Under the guidance of a doctor, most patients with premature ejaculation can treat themselves, but this requires cooperation between both partners to achieve better results. Specifically, this includes the following methods.
(1) Pause method: When you feel you are about to ejaculate during sexual intercourse, deliberately slow down or stop the amplitude and frequency of penile thrusting in the vagina, and use some methods to distract yourself so that the urge to ejaculate disappears. Then resume thrusting. Repeat the above operation until both partners are satisfied before ejaculation.
(2) Frequent ejaculation: This means prolonging the duration of sexual intercourse by increasing the number of ejaculations. The method involves masturbating to ejaculation first, and then engaging in sexual intercourse, or increasing the frequency of sexual intercourse. However, this method is suitable for young patients with premature ejaculation, but not for middle-aged and elderly patients with declining function or those showing signs of decline.
(3) Condoms: Covering the glans penis with a condom can reduce stimulation and thus delay ejaculation. Men can use condoms to treat premature ejaculation.

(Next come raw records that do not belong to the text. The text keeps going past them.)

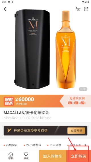 3、选择麦卡伦璀璨金商品条目,进入商品详情页面。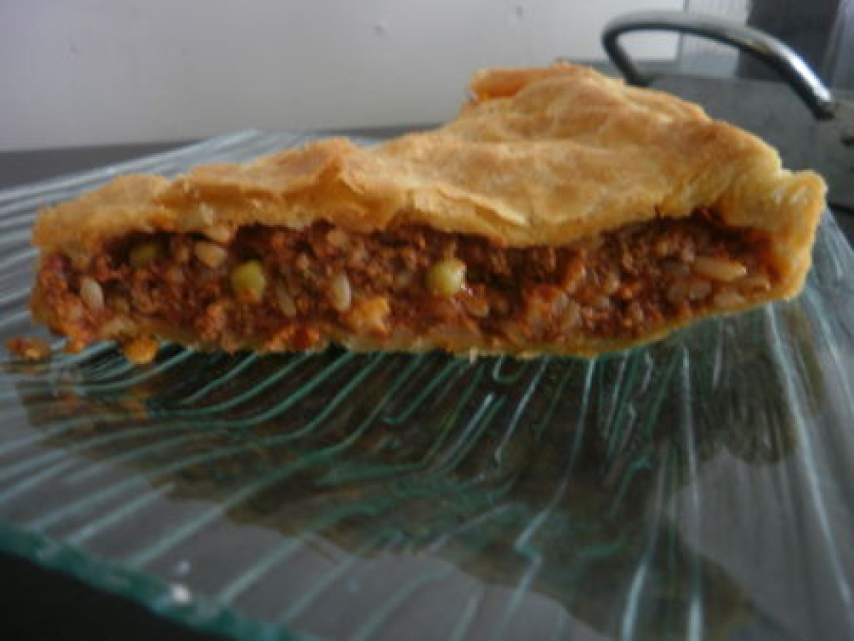 Tourte au boeuf haché. Platfacile1 h 15 m406 Kcal Envoyer cette recette à un ami Imprimer cette page Poser une question à l'auteur Publier votre photo de cette recette Ingrédients 8 2 pâtes feuilletées 400 g de boeuf hachée 400 g de tomates concassées 60 g de petits pois 50 g de riz 1 oignon 1 petite boîte de concentré de tomates 2 Cuillères à soupe de sauce Worcestershire 125 ml de bouillon de boeuf Coût estimé: 12.53Euros€ (1.57€/part)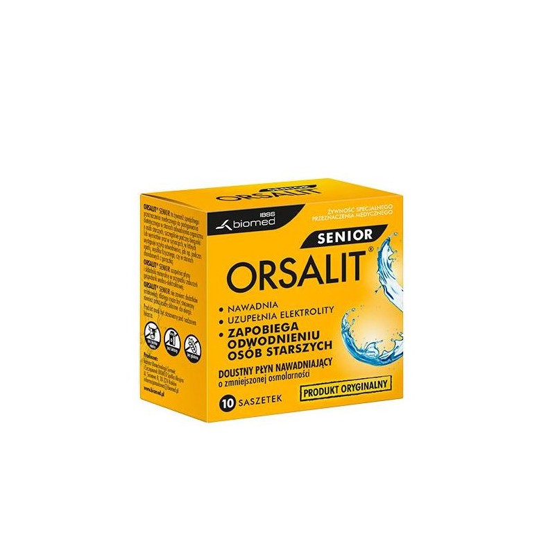 Środek do postępowania dietetycznego w stanach odwodnienia organizmu u osób starszych, szczególnie podczas biegunki lub wymiotów oraz w sytuacjach, w których występuje ryzyko odwodnienia, jak np. podczas upału, wysiłku fizycznego, czy w stanach chorobowych z gorączką. Produkt zawiera cukier. ORSALIT SENIOR to produkt bezglutenowy, nie zawiera białka mleka i laktozy.

If one condom is not sufficient, a looser one can be added.
(4) Changing positions: This mainly refers to changing sexual positions. In the missionary position, the man is in the active position, and larger movements make ejaculation easier. In the woman-on-top or side-lying position, the man is in the passive position, and smaller movements will delay ejaculation.
(5) Stimulation method: This mainly improves the penis's tolerance to stimulation, and can be achieved by using the penile squeeze method. This method can increase the ejaculation threshold when the penis is stimulated, thereby enabling it to tolerate stronger stimulation during sexual intercourse and delaying ejaculation.
To date, premature ejaculation is the most effectively treated of all sexual dysfunctions. With appropriate treatment, patients with premature ejaculation can generally achieve varying degrees of improvement.